The Company shall keep at its registered office proper books of account and
other relevant books and papers and financial statements for every financial year
which give a true and fair view of the state of its affairs, including that of its branch
office(s), if any. The Board of Directors may decide to keep all or any of the books
of account aforesaid and other relevant papers at such other place in India as it may
choose subject to the provisions of Section 128 of the Act and the Rules referred
therein. The books of account and books and papers of the Company, or any of them,
shall be open to the inspection by any Director during business hours. The books of
account of every Company relating to a period of not less than eight financial years
immediately preceding the current year together with the vouchers relevant to any
entry in such books of account shall be preserved in good order.

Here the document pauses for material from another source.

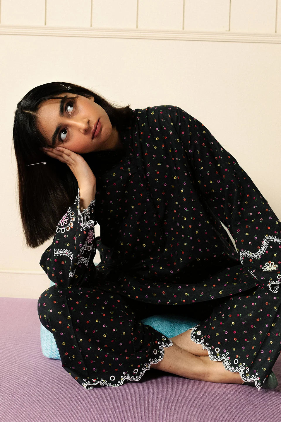 A loose-fit, short black cambric kurta with bright embroidery on the sleeves, paired with embroidered cropped culottte pants. Bold yet playful, this look brings vibrant detail to a classic silhouette, effortlessly balancing elegance with lively energy.

The financial statements of the Company shall be audited by one or more Auditors
to be appointed under the provisions of Section 139 of the Act and the Rules referred
therein. The Company at an Annual General Meeting shall designate an individual
or firm as a Statutory Auditor who shall hold office for a term as may be
recommended by the Board and approved by the Members provided that, subject to
the Act, the appointment of Statutory Auditors shall be ratified by Members at every
Annual General Meeting.
THE SEAL
The Board of Directors shall provide a Common Seal of the Company and
they shall have power from time to time to destroy the same and substitute a new
Seal in lieu thereof. The Common Seal shall be kept at the registered office of the
Company and committed to the custody of the Managing Director or Secretary.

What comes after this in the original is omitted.